== PROBLEM DETAILS ==
Omit all pictures. Copy exactly the lines from the line containing "Divisible cable gland" to the end of the listing, with both ends included.

== GIVEN INFORMATION ==
■ ■ ■ ■ ■ ■ ■

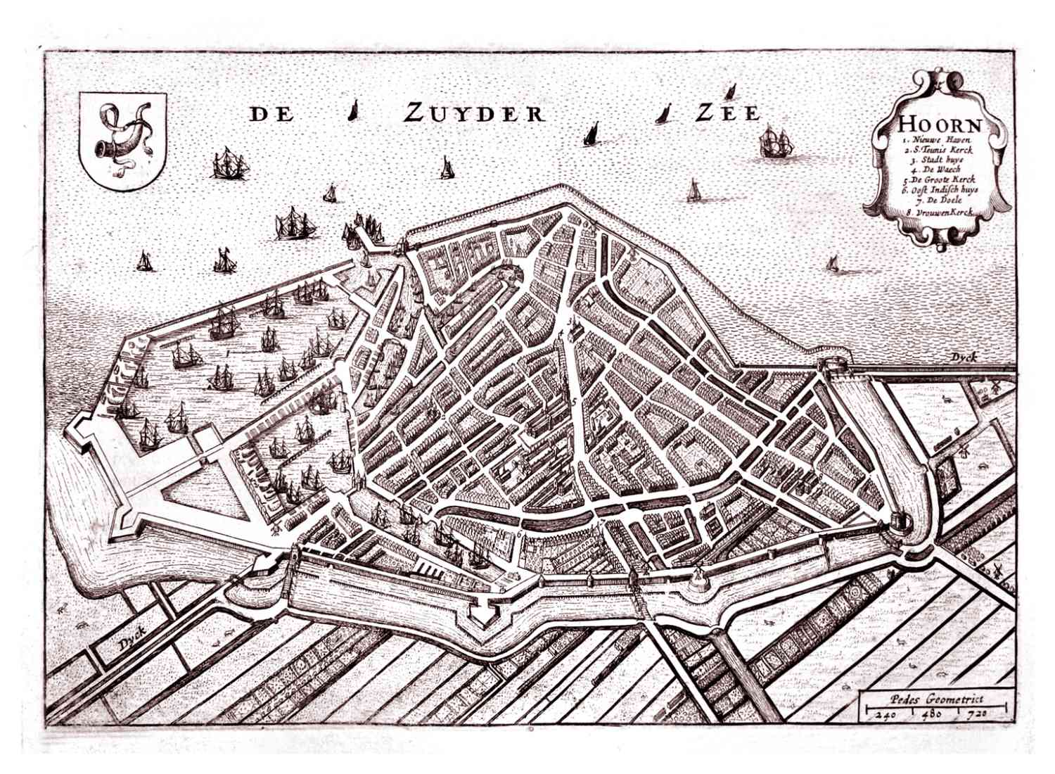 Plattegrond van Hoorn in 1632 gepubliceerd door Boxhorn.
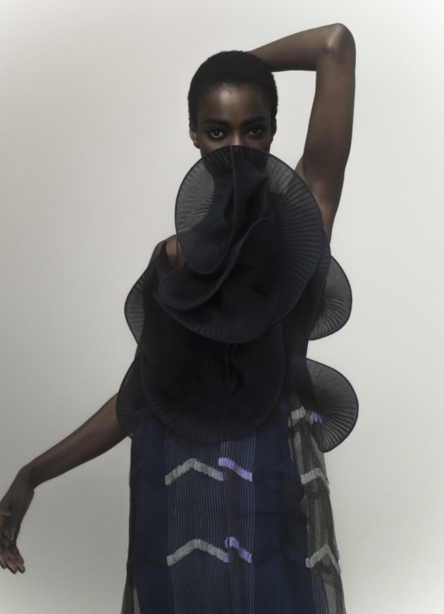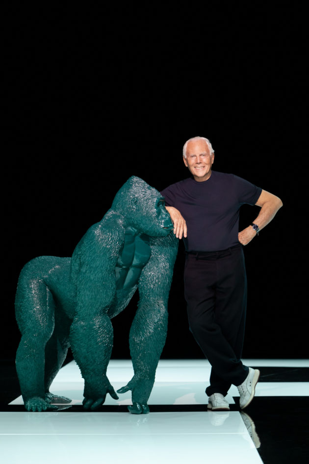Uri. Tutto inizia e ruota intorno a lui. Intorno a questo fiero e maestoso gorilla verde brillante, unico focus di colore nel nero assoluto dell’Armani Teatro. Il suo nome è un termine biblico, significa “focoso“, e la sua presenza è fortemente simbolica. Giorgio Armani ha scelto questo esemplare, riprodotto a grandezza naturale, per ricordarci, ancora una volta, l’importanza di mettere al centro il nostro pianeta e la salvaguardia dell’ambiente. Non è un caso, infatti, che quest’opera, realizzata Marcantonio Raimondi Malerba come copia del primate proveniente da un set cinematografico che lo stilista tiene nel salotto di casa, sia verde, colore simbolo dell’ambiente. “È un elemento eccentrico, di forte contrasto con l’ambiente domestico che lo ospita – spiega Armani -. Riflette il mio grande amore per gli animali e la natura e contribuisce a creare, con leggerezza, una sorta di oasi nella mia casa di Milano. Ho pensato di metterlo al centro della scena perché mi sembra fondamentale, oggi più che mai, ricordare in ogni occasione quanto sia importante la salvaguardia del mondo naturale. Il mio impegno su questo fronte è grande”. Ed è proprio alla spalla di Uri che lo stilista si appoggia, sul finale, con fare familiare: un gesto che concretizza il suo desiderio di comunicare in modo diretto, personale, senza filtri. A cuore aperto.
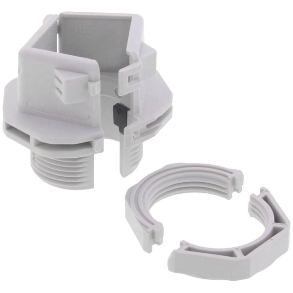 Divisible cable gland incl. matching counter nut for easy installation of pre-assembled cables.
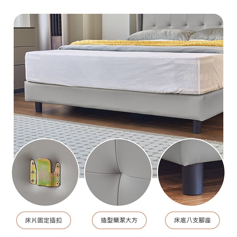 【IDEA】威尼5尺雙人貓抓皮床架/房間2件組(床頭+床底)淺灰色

■ ■ ■ ■ ■ ■ ■

== WRITTEN SOLUTION ==
 Divisible cable gland incl. matching counter nut for easy installation of pre-assembled cables.
 【IDEA】威尼5尺雙人貓抓皮床架/房間2件組(床頭+床底)淺灰色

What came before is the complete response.